Reading Online Novel

The Real Romero(36)



                ‘You might be a little...surprised by what I’m about to tell you.’

                ‘Then don’t tell me,’ she said promptly. ‘I hate surprises. They’re never good.’

                ‘Well, that’s one thing we have in common,’ Lucas murmured, momentarily distracted. He stood up and she followed the easy, fluid movement of his long body with something close to compulsion. He walked across to the window and stared out and, even with his back to her, she could tell that he wasn’t really seeing what he appeared to be staring at. She could sense his distraction and that made her nervous because, and she could see this now, there was something so intensely focused about him. Distracted was not his normal frame of mind.

                He spun round, caught her staring at him and allowed himself a small smile which immediately made her glower. And that was why he was just so damned arrogant, she thought. Because women followed him with their eyes, irresistibly drawn to mindless gazing.

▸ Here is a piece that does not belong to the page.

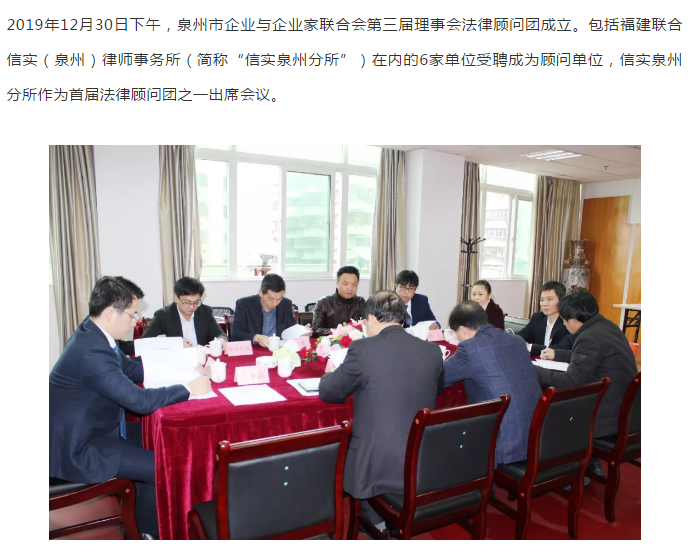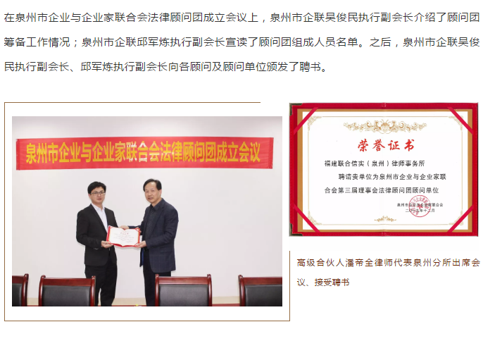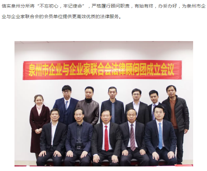信实泉州分所受聘担任泉州市企业与企业家联合会首届法律顾问团顾问单位|信实动态·泉州分所

                ‘I’m not quite the person you think I am.’

                For a few seconds, Milly thought that perhaps she had misheard him. Who on earth ever said stuff like that? Her mouth fell open and she stared at him in silence, waiting for him to enlarge on that enigmatic statement.

                Lucas was taking his time. He walked slowly back towards her, maintaining eye contact.

                ‘And, before your over-active imagination starts casting me in the starring role of homicidal maniac, you can rest assured that it’s nothing like that.’ He sat down and continued looking at her thoughtfully, trying on the various options at his disposal for telling her who he really was and what he wanted from her. And why. Much as he loathed justifying his decisions to anyone, he would have no choice in this circumstance.

                ‘The Ramos family,’ he began. ‘This house...everything in it...doesn’t belong to them.’

                ‘Oh, please...’ Milly raised her eyebrows in rampant disbelief. ‘I don’t know where you’re going with this but I know for a fact that it does. You forget that snooty Sandra employed me to work for them. I was given all their details. Are you going to tell me that she made the whole thing up? That there are no such people? Plus, you’re forgetting that Mr Ramos paid me for my time here!’

                She shot him a look of triumph at winning this argument, mixed with pity that he had chosen to come out with such a glaring lie. The combination felt good, especially after the way he had hauled her out of the café in front of everyone. Triumph and pity...she savoured the feeling for a few seconds and threw in a kindly but condescending smile for good measure.

                Lucas, she noted, didn’t come close to looking sheepish.

                ‘Of course he paid you,’ he said, brushing aside that detail as casually as someone brushing aside a piffling point of view that carried no weight. ‘He paid you because I told him to.’

                ‘Because you told him to...’ Milly burst out laughing and, when eventually her laughter had turned to broken giggles, she carried on, very gently, ‘I think you might be delusional. I know you fancy yourself as some kind of hot shot just because you happen to work for loads of rich people and you probably have them eating out of your hand...’ Especially the women. ‘But the bottom line is that you’re still just a ski instructor’

                Lucas kissed sweet, rueful goodbye to his very brief window of normality.

                ‘Not quite...’

                ‘I mean,’ Milly expanded, ignoring him, ‘it’s a bit like me saying that I own five Michelin-starred restaurants when in fact I just happen to work behind the scenes for an average hotel in West London.’